President Donald Trump's bid to block large institutional investors from buying single-family homes was left out of a sweeping bipartisan housing package that sailed through the House Monday in a 390-9 vote.
The "Housing for the 21st Century Act" passed without including the White House-backed restriction, despite a late push from the Office of Management and Budget.
At its core, the fight over whether to bar large institutional investors from buying single-family homes goes to the heart of one questions millions of Americans are asking: why is it so hard to afford to a house?
With home values up more than 50% since 2019 and sales slumping to a 30-year low, first-time buyers are increasingly competing not just with one another, but the deep-pocketed firms able to pay in cash. Supporters of restrictions argue that giving families priority could ease pressure on prices and restore access to homeownership, while opponents warn that limiting investors risks disrupting capital flows and housing supply.
In a formal statement to The Post, Davis R. Ingle of the Executive Office of the President said the administration is "pleased that Congress has begun working on legislation that would help make housing affordable for Americans," noting the bill "builds on the President's priorities by improving Federal housing programs, streamlining data collection and modernizing the environmental review process."
But the administration made clear it views the legislation as incomplete.
While acknowledging that some Trump priorities were included, Ingle said the bill "still lacks other presidential priorities, particularly a ban on the purchase of single-family homes by large institutional investors. This is a key priority that will do much to drive down the cost of single-family homes."
As first reported by the Wall Street Journal, Trump officials had urged Republicans to attach the investor ban to housing legislation moving through Congress. Lawmakers, however, advanced the broader supply-focused package without adding the amendment.
French Hill, chairman of the House Financial Services Committee, pushed back on suggestions that he had outright rejected the proposal.
In a statement provided by his office, Hill's deputy communications director said, "Monday's 390-9 vote on the Housing for the 21st Century Act is a testament to all the work that House Financial Services Committee members have put in over the last 13 months to address housing challenges for the American people. This package is a strong foundation to build upon as we work to get a bill signed into law that reflects the priories of both chambers of Congress and President Trump."
According to Hill's office, no formal proposal text was received from the White House before the vote, and the bill moved under suspension -- a process that typically does not allow amendments.
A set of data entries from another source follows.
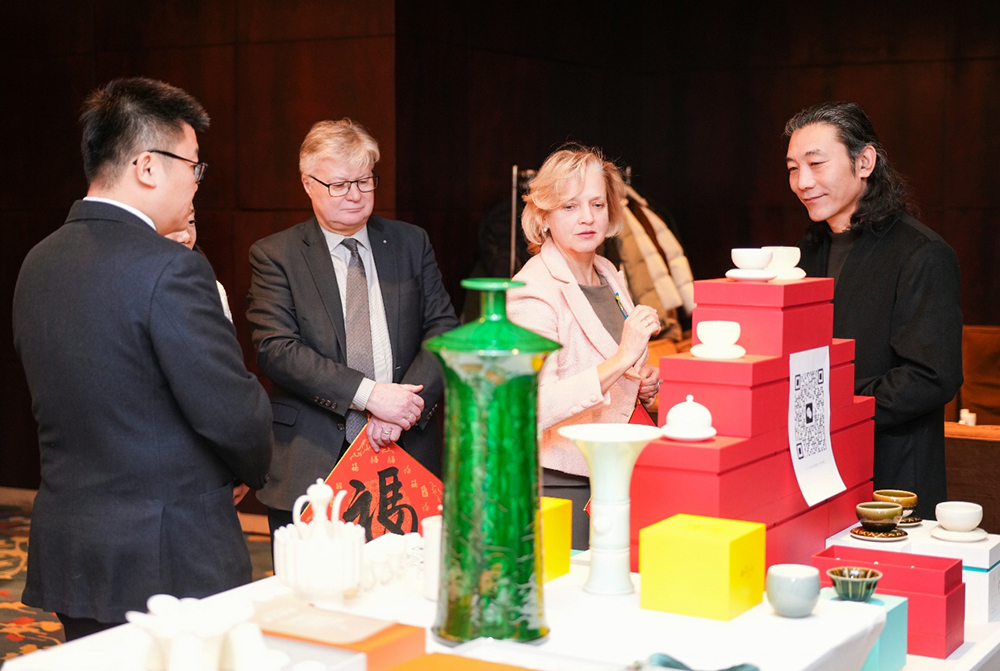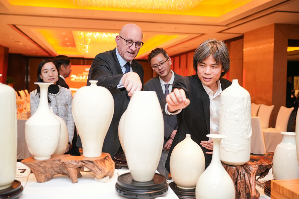 图:河北弘传定瓷文化创意有限公司董事长、弘传定瓷薛兴嶙大师为拉脱维亚驻华大使卡尔利斯·埃亨包姆斯及夫人解读中国定瓷历史文化与制作工艺
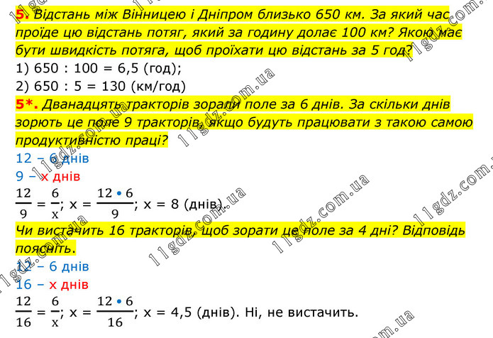 5. Відстань між Вінницею і Дніпром близько 650 км. За який час проїде цю відстань потяг, який за годину долає 100 км? Якою має бути швидкість потяга, щоб проїхати цю відстань за 5 год? 1) 650 : 100 = 6,5 (год); 2) 650 : 5 = 130 (км/год) 5*. Дванадцять тракторів зорали поле за 6 днів. За скільки днів зорють це поле 9 тракторів, якщо будуть працювати з такою самою продуктивністю праці? 12 – 6 днів 9 – х днів 12/9 = 6/х; х = (12 • 6)/9; х = 8 (днів). Чи вистачить 16 тракторів, щоб зорати це поле за 4 дні? Відповідь поясніть. 12 – 6 днів 16 – х днів 12/16 = 6/х; х = (12 • 6)/16; х = 4,5 (днів). Ні, не вистачить.
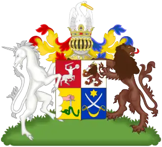 The shield is crowned with a helmet and a royal crow. The crest is a pelican looking to the right. The supporters are a unicorn on the left and a lion on the right.[2]
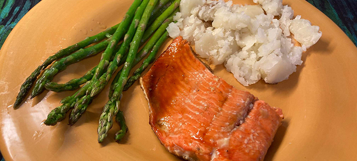 Salmon is a West Coast favorite and this is an easy way to prepare a fillet packed with flavor. The glaze brings together a Canadian favourite, maple syrup, with the Asian cooking staple, soy sauce, for a lovely combination.
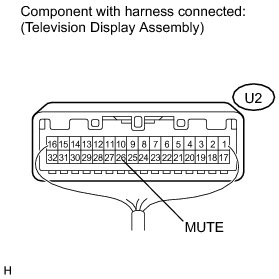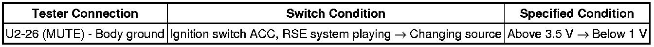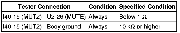 The MUTE signal is sent to reduce noise and a popping sound generated when switching the mode etc. If there is an open in the circuit, noise can be heard from the speakers when changing the sound source. If there is a short in the circuit, even though the navigation receiver assembly is functioning normally, no sound or only an extremely faint sound can be heard.

The executive order also gave the Treasury 30 days to define key terms such as "large institutional investor" and "single-family home," definitions that are still pending.
Still, the issue is far from settled.
Marlin Stutzman, a Republican from Indiana, is drafting separate legislation and said leaving the provision out of Monday's bill was "nothing intentional towards the White House."
"There's a lot of support for the proposal that President Trump put forward," Stutzman said. "In fact, I just spoke to the White House staff before coming back here to the office to say there's a strategy and a plan. It's just a matter of ... congress is big and clumsy, and we're just getting the language put together, getting the bill filed."
Stutzman framed the push as part of a broader effort to ease financial strain on households.
"The American people have been through so much over the last five years because of COVID and the Biden administration. They need a break. They need a reprieve," he said. "President Trump is making proposals to help the American people, which ultimately helps the American economy."
Importantly, Stutzman is not advocating a blanket prohibition. Instead, he's proposing a structure that prioritizes families without completely locking out investors.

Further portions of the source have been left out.